In WP4 the methods to perform the Multi-Criteria Decision Analysis (MCDA) were developed. We have opted for a value-based method based on Multi-Attribute Utility Theory (MAUT), in which a single overall value for the integrated care programme is compared with a single overall value for the comparator. Value are calculated by combining information on the performance of the programmes on particular criteria with importance-weights for these criteria.

The criteria used in the MCDA are defined in terms of outcomes that cover the Triple Aim, i.e. improvements in health/wellbeing, experience of care and costs. We have specified a core set of outcomes that is used in the evaluations of all programmes and 4 programme-type specific sets of outcomes for the 4 categories of programmes. The core set includes the following outcomes: physical functioning, psychological wellbeing, social relationships and participation, enjoyment of life, resilience, person-centeredness, continuity of care, and total health and social care costs.

The performance of the 17 integrated care programmes for multi-morbidity in SELFIE on these outcomes is currently being measured in the empirical evaluations of these programmes in WP5. A detailed study protocol was written for each programme.
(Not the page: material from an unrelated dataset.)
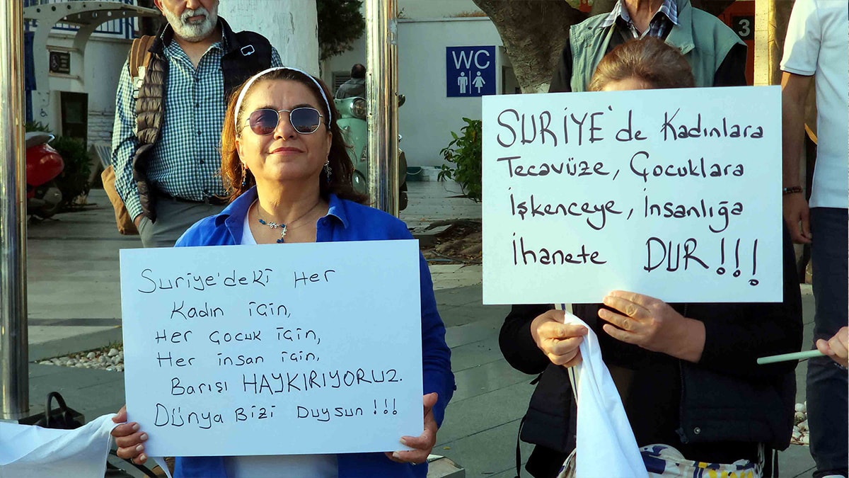 Muğla’nın Bodrum ilçesinde Suriye İçin Kadın İnisiyatifi tarafından “Suriyede Aleviler Kaçırılıyor Kadınlar Katlediliyor Susmuyoruz Ses Veriyoruz “ eylem ve basın açıklaması düzenlendi.

The importance-weights of these outcomes are currently being determined in a separate weight elicitation study using a Discrete Choice Experiment and Swing Weighting. Weights will be obtained in each of the 8 countries from 5 groups of stakeholders, the 5Ps: 1) Patients, 2) Partners and informal caregivers, 3) Professionals, 4) Payers, and 5) Policy makers.
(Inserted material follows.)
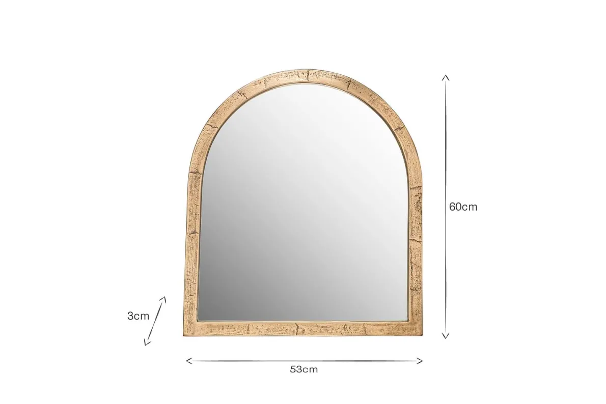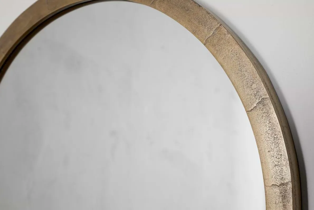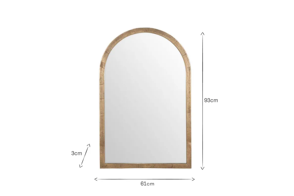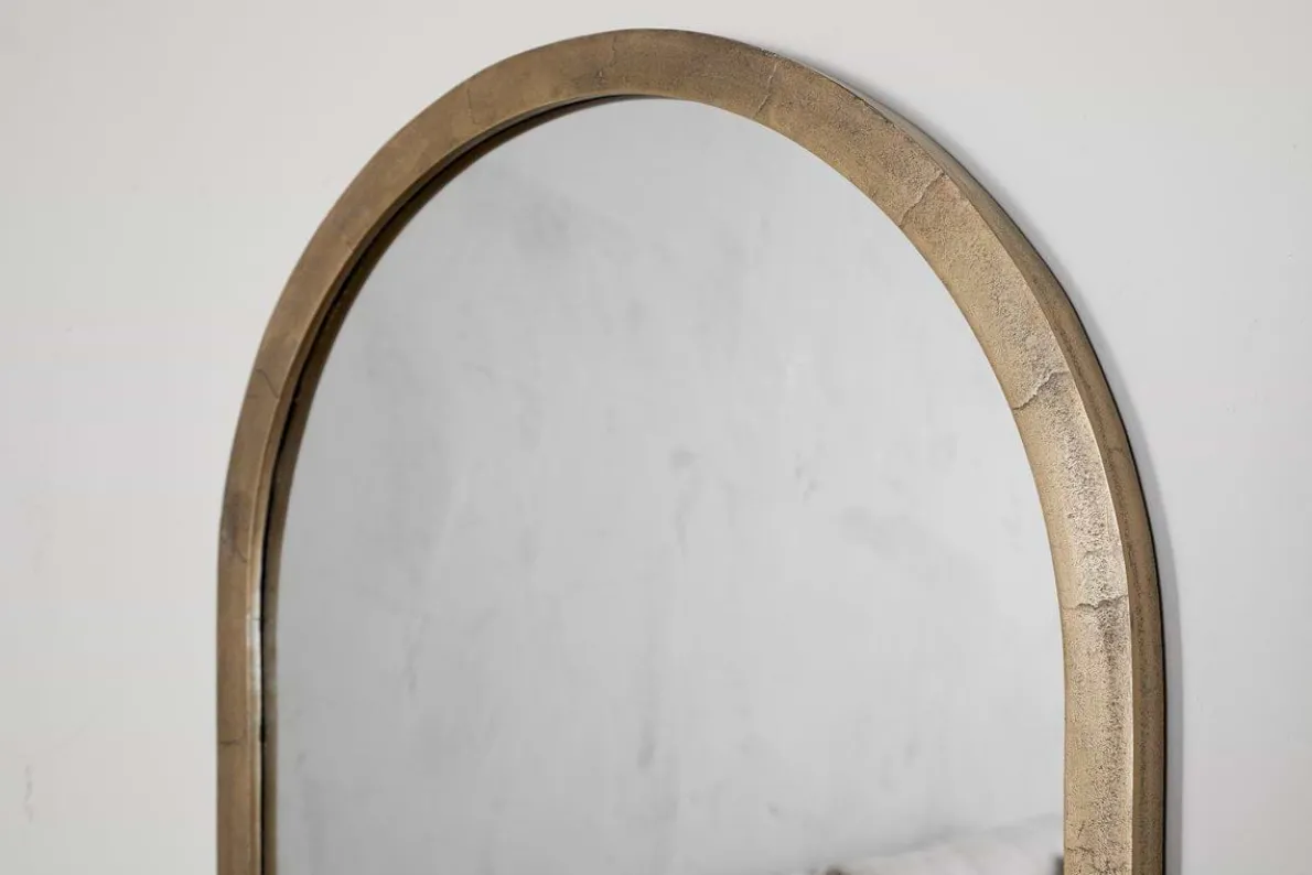 With its bold arched silhouette and generous scale, the large Murwara mirror makes a striking statement. The textured frame in a warm antique brass finish brings depth and character, while its clean, curved lines add a refined architectural feel. Perfect for bedrooms, hallways or living spaces, it enhances light and creates a sense of space with effortless style.

Progress beyond the state of the art and expected potential impact (including the socio-economic impact and the wider societal implications of the project so far)
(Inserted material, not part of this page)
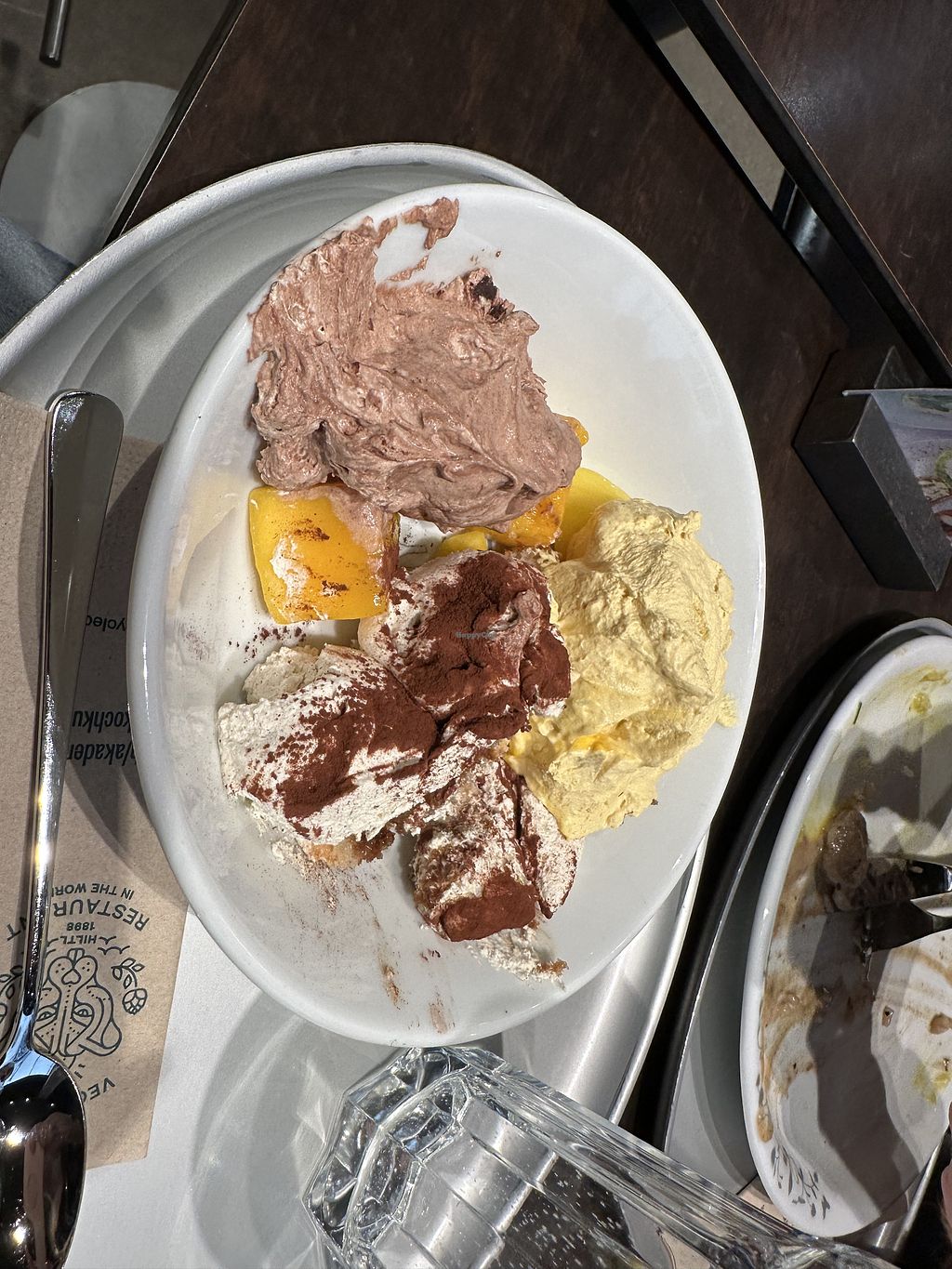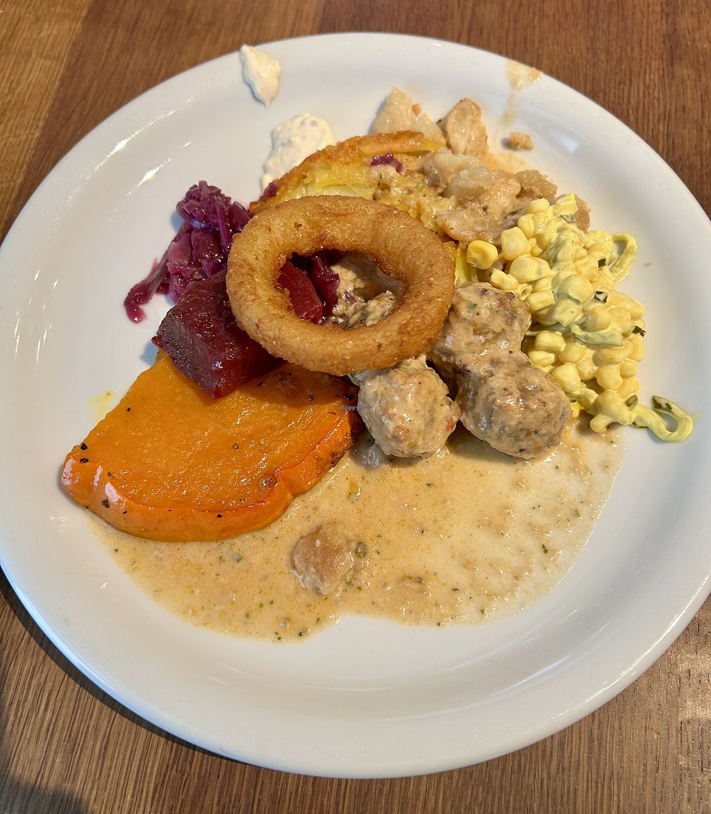 Every dish selected (except the rösti oddly enough) was flavourful and yummy. The best dishes imo were the Asian ones. The cream in the vegan dessert lacked flavor too, but overall, the food was pretty high quality for a buffet.

A conceptual framework for integrated care in multi-morbidity was not available before.

We believe that the depth of the thick descriptions in WP2 can be of great value to those designing, implementing, and evaluating integrated care programmes. The same is true for the work on funding and payment arrangements. There are many examples of such arrangements resulting in conflicting provider interests that may in turn act as a barrier to integrating care. Understanding which arrangements and financial incentives do stimulate collaboration within and across sectors, and under which conditions, is of great value.

MCDA is being applied because we are evaluating complex interventions, for which a traditional cost-effectiveness analysis is not sufficient. The programmes aim to improve a much wider array of outcomes than can be captured by a QALY. The outcomes included in the MCDA focus more broadly on well-being and experience of care.

What is further unique in SELFIE is that we are determining the importance of these outcomes from the perspective of 5 different groups of stakeholders in 8 countries, enabling us to study cross-cultural and cross-stakeholder differences.

We aim to strengthen the evidence base of integrated care by ensuring that each of the 17 integrated care programmes is compared to a control situation and includes patient-reported outcomes and experience measures in addition to more routinely available outcomes.